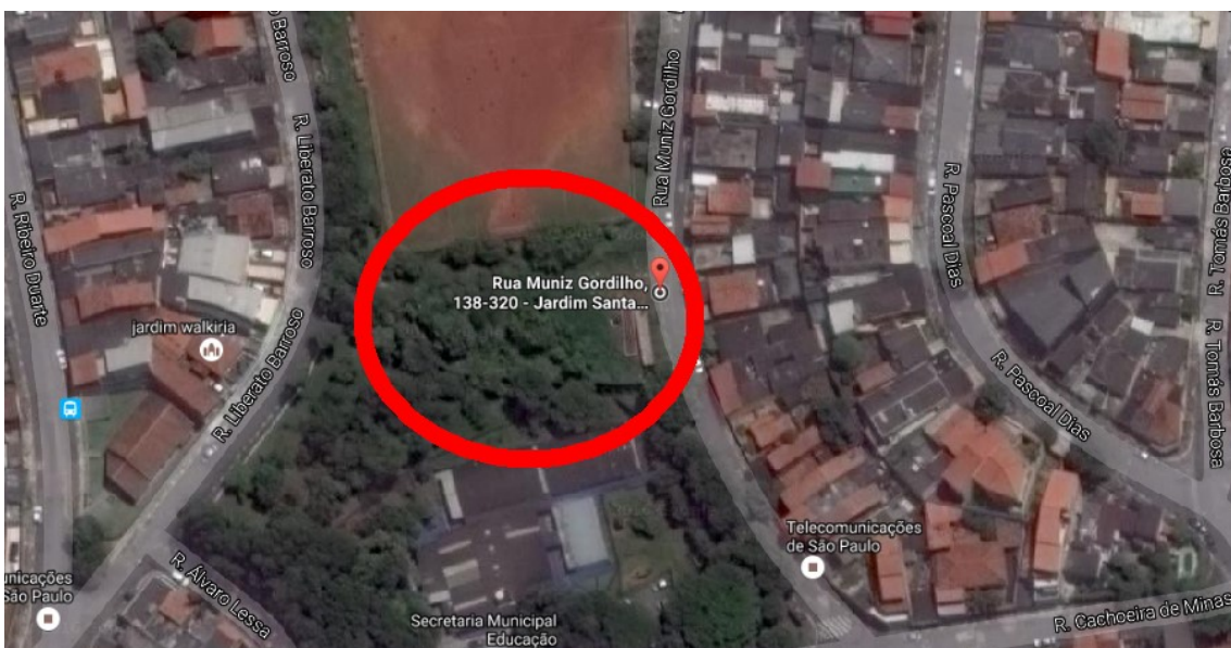
Figura 4 – Área 1 – Vista Superior da área indicada – Rua Muniz Gordilho;
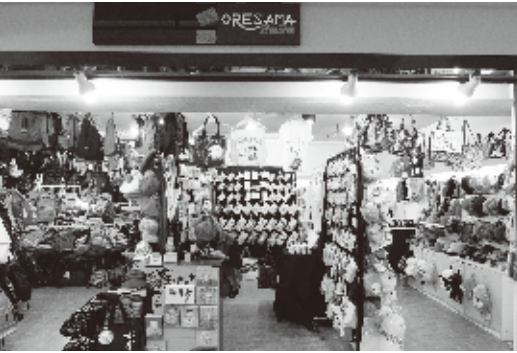
僅か2坪ほどの空間にびっしりと陳列された商品。この狭さも台湾ならではの

MRT台北駅と中山駅を繋ぐ中山地下街にある「Oresama創意倉庫」は、鮮やかで可愛い手描きのイラストが描かれたグッズを販売している雑貨店である。台湾に旅行で訪れると、街中で色とりどりの雑貨やアクセサリが売られているのを目にする事があるだろう。今回は、中でも個性的なペイントグッズで多くの人を引きつけるアーティストにインタビューし、ご自身の考え方や、台湾らしいビジネススタイルに関してお話を伺った。
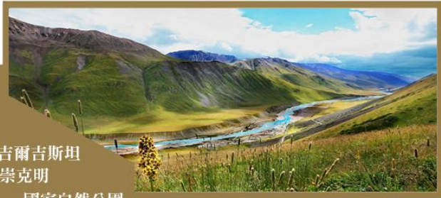
吉爾吉斯坦 崇克明 國家自然公園
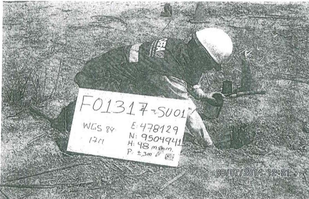
Fotografía N° 1. Toma de muestra de suelo en el punto F01317-SU01, ubicado a 0,89 m aproximadamente al este del Pozo T5346.

"Decenio de las Personas con Discapacidad en el Perú" "Año de la Promoción de la Industria Responsable y del Compromiso Climático"
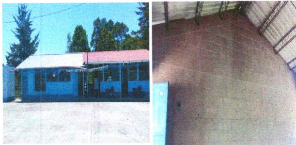
Foto 3: Pintura del centro educativo deteoroada y partes que no cuentan con pintura
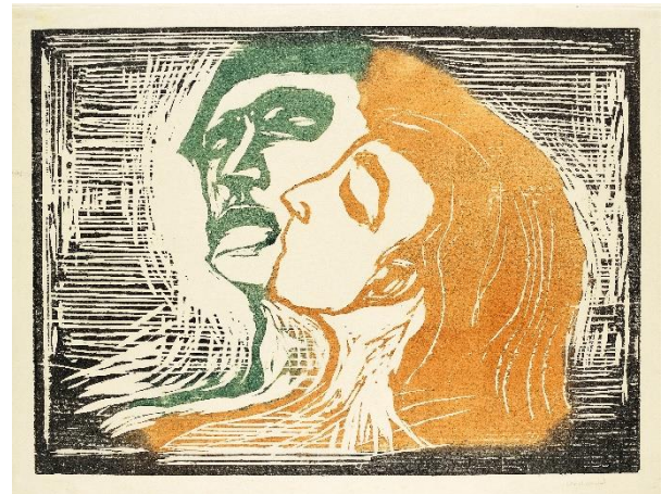
Edvard Munch: Hoved ved hoved. 1905. Træsnit. Norsk privatsamling.
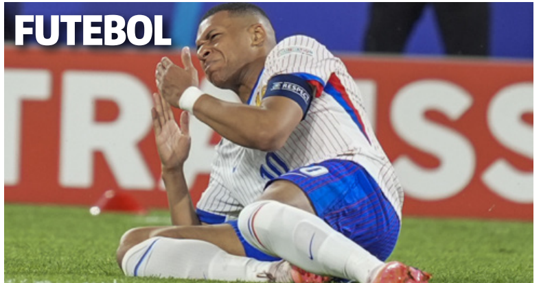
FUTEBOL Mbappé brinca sobre máscara após fratura no nariz em jogo ESPORTE | 6
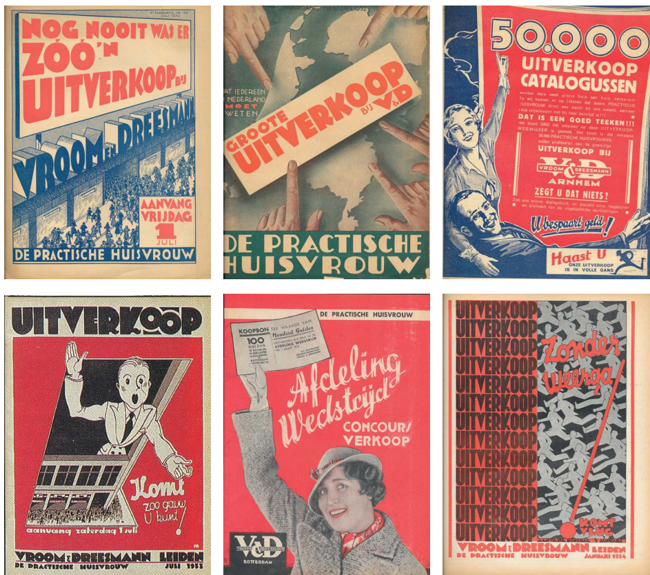
Voorbeelden van uitverkoop folders van Vroom & Dreesmann in de periode 1932-1934.

In de crisisjaren rond 1930 probeerde ieder Vroom & Dreesmann filiaal extra werk te maken van de uitverkoop. Ieder half jaar mocht er een opruiming of uitverkoop worden georganiseerd en bij V&D heerste dan voorafgaand aan deze dag een bijzondere uitverkoop sfeer. Op 2 januari begon
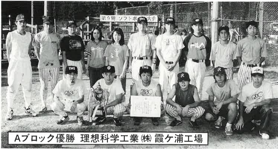
Aブロック優勝 理想科学工業(株) 霞ヶ浦工場
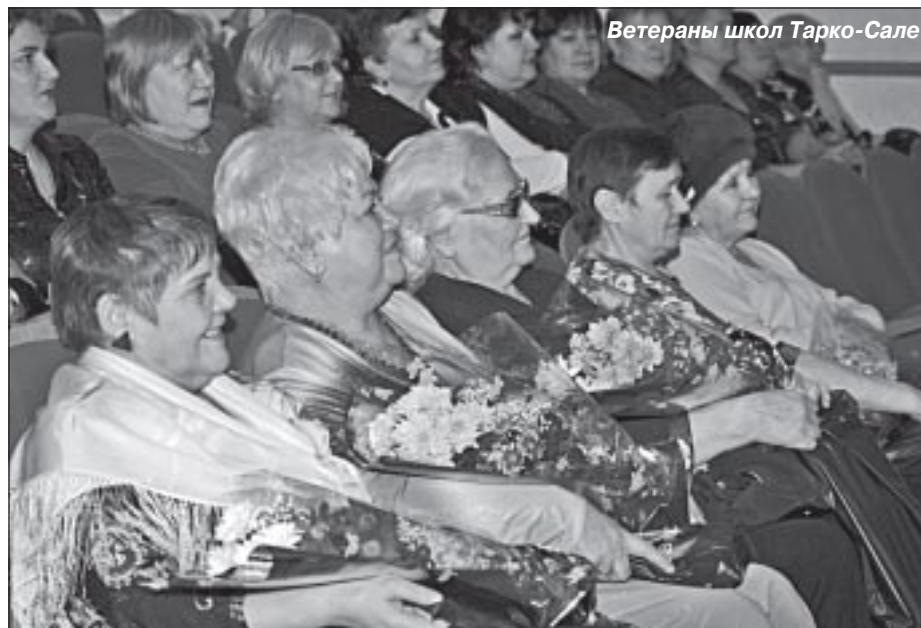
Ветераны школ Тарко-Сале

школ, ветеранов и молодых учителей, рассказывавших о прошлом и настоящем педагогической деятельности. И все это было настолько трогательно, настолько четко передавало ощущения тревоги, заботы и участия в сегодняшней жизни школы, которые испытывают педагоги, что на маленькие заминки никто не обращал внимания. Все было похоже на что-то между педсоветом, где жестко и четко «прошлись» и по достижениям, и по недостаткам современного образования, и одним школьным днем, где каждый урок – выступление отдельного учреждения образования, а перемена – творческие номера учащихся.
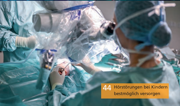
44 Hörstörungen bei Kindern bestmöglich versorgen
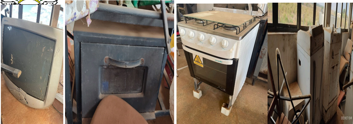
Tabela com o aproximada dos bens sucata elétrica domésticos Secretaria Municipal de Assistência Social
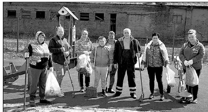
Трудовой десант на детской площадке на улице Мичурина.
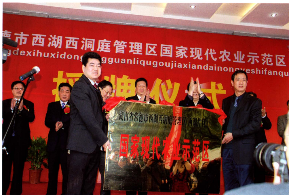
2012年3月7日，西湖西洞庭国家现代农业示范区授牌仪式
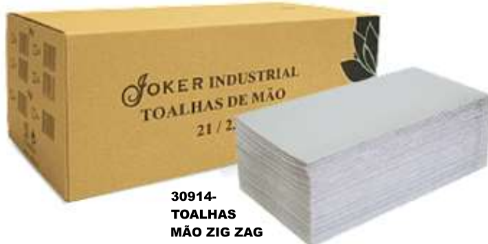
30914- TOALHAS MÃO ZIG ZAG JOKER RECICLADO GROFADO 21x23 cm. Cx.20 Maços
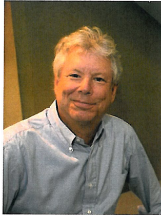
Richard H. Thaler
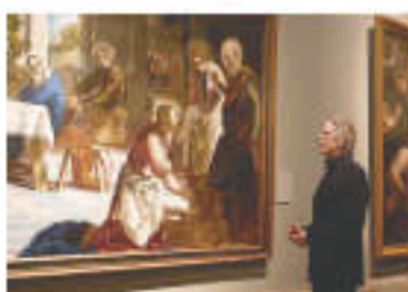
「ブラッド美術館驚異のコレクション」
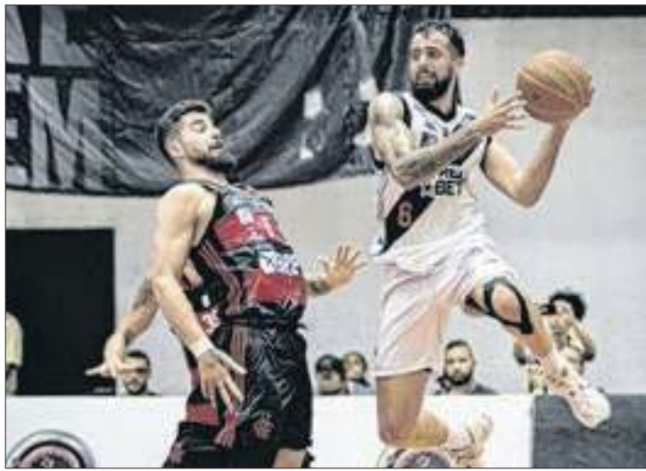
Infraero é a nova parceira do Novo Basquete Brasil Caixa

Liga Nacional de Basquete e Infraero estão juntas novamente. A Empresa Brasileira de Infraestrutura Aeroportuária será parceira oficial do NBB CAIXA 2024/25, que começa no dia 12 de outubro, com o Clássico dos Milhões entre R10 Score Vasco da Gama e Flamengo, no Tijuca Tênis Clube.
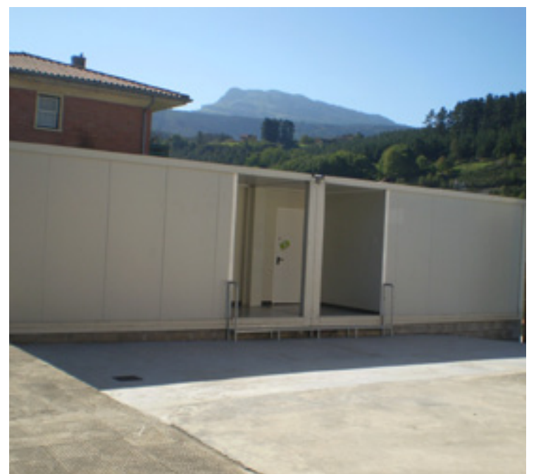
Ikastetxearen ondoan ipinitako barrakoaia.

◆ ◆ ◆ ◆

▸ **WORK REQUEST**: Count the lines of the data that hold the string "Basquete". The answer should be that number alone.

▸ **WRITTEN ANSWER**: 2